Single cells firing due to dendritic stimulation in a more biologically plausible setting with variable low-threshold calcium ion channel expression levels among cells and different coupled cell ensemble sizes show higher average AP spikelet counts and no phase-dependency of the CF burst size at low STO amplitudes. In a certain range of STO amplitudes, there appears to be a relation between STO phase and spikelet count in what might be a coarse coding, but at other STO amplitudes, both larger and smaller, the phase-dependency of climbing fiber burst size shown earlier using in vitro
preparations may be lost. The artificial current injection used in those experiments could impose an oscillation on a cell ensemble and thus create artificial synchrony at moderate STO amplitudes. Under these conditions, our model predicts a correlation between STO phase and AP spikelet count in line with the findings by Mathy et al. 
A quantitative error estimate is required in several computational cerebellar models for learning, but so far these have been hard to explain using IO data due to the low firing rate of IO cells. It has been proposed that variability in spike shape of olivary cells may allow for transmission of more information per event than would otherwise be possible 
. Phase dependency of the CF burst size and somatic AP spikelet count would allow for a coarse, low-resolution encoding of temporal information. Our model predicts that there may be a phase-dependency of climbing fiber burst size, but only in a limited range of STO amplitudes and in coupled cell ensembles of sufficient size.
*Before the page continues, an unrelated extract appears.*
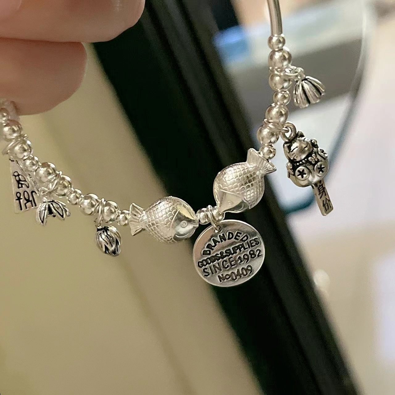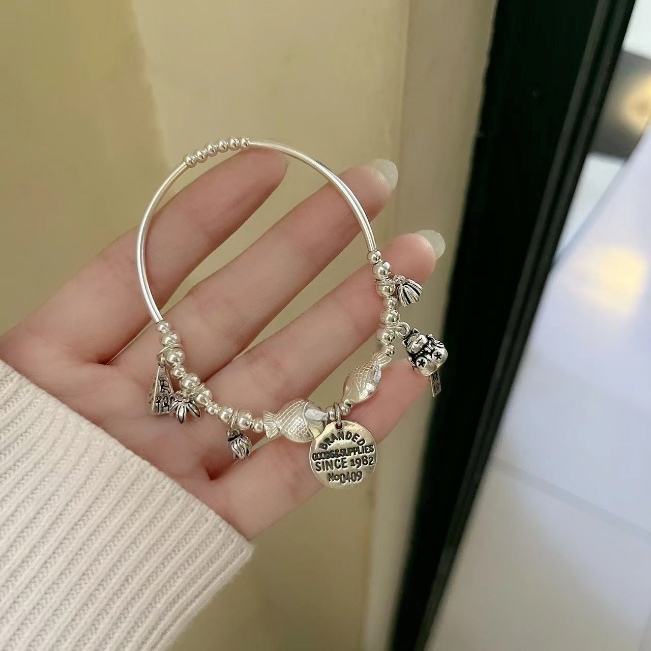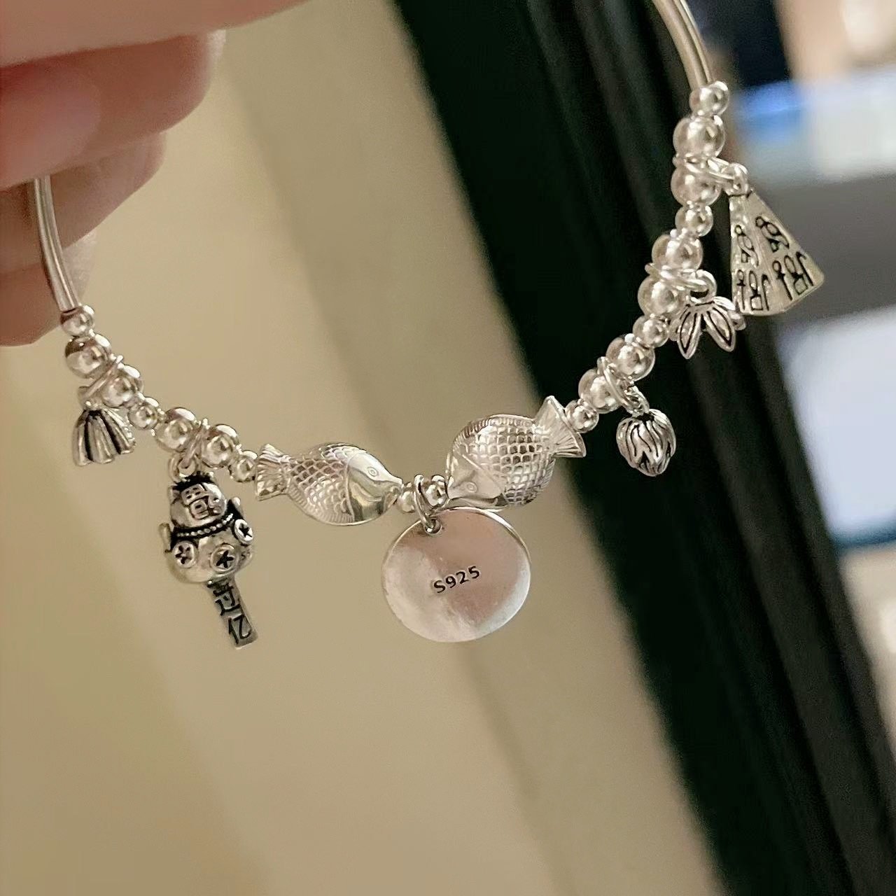 925 Sterling Silver Vintage Lucky Cat Silver Bracelet for Women, Handmade Elastic String Double Fish Bracelet, Niche Design Birthday Gift

We provide as an additional hypothesis that IO ensemble synchrony, for which STO amplitude could be used as an indirect measure, modulates the CF burst and in turn allows for online adaptation of learning speeds. Our model predicts that, as synchrony increases, STO amplitude goes up and the average number of AP spikelets goes down. The PF/PC synapse is modulated by CF activity and the size of the CF spike burst may determine the plasticity effect 
. Keeping this in mind, CF burst size could well be an indicator of the state a learning process is in, allowing quick and coarse learning at low ensemble STO amplitudes (i.e. low synchrony) and then more refined learning at higher amplitudes. Since single CF spikes have been shown to cause LTP in PCs rather than LTD 
, the highest STO amplitudes where few AP spikelets occur are conceivably a way of unlearning (preventing the biological equivalent of overfitting data) or converting the direction of learning. A system that has a way of adequately adapting the coarseness with which it learns online can speed up a learning process without sacrificing precision.
It is important to note that simulation results never translate directly to empirical data: our model utilizes ion channel descriptions taken from in vitro preparations from several animal species. It demonstrates principles underlying the generation of olivary STOs and spikes, but such things as the actual number of AP spikelets or the time between two such spikelets may differ from data acquired from an actual cell, much as it may also differ between species. Even so, our model provides valuable insight into how olivary AP spikelet distributions may unfold under different conditions and even how meaningful the CF burst may be in vivo.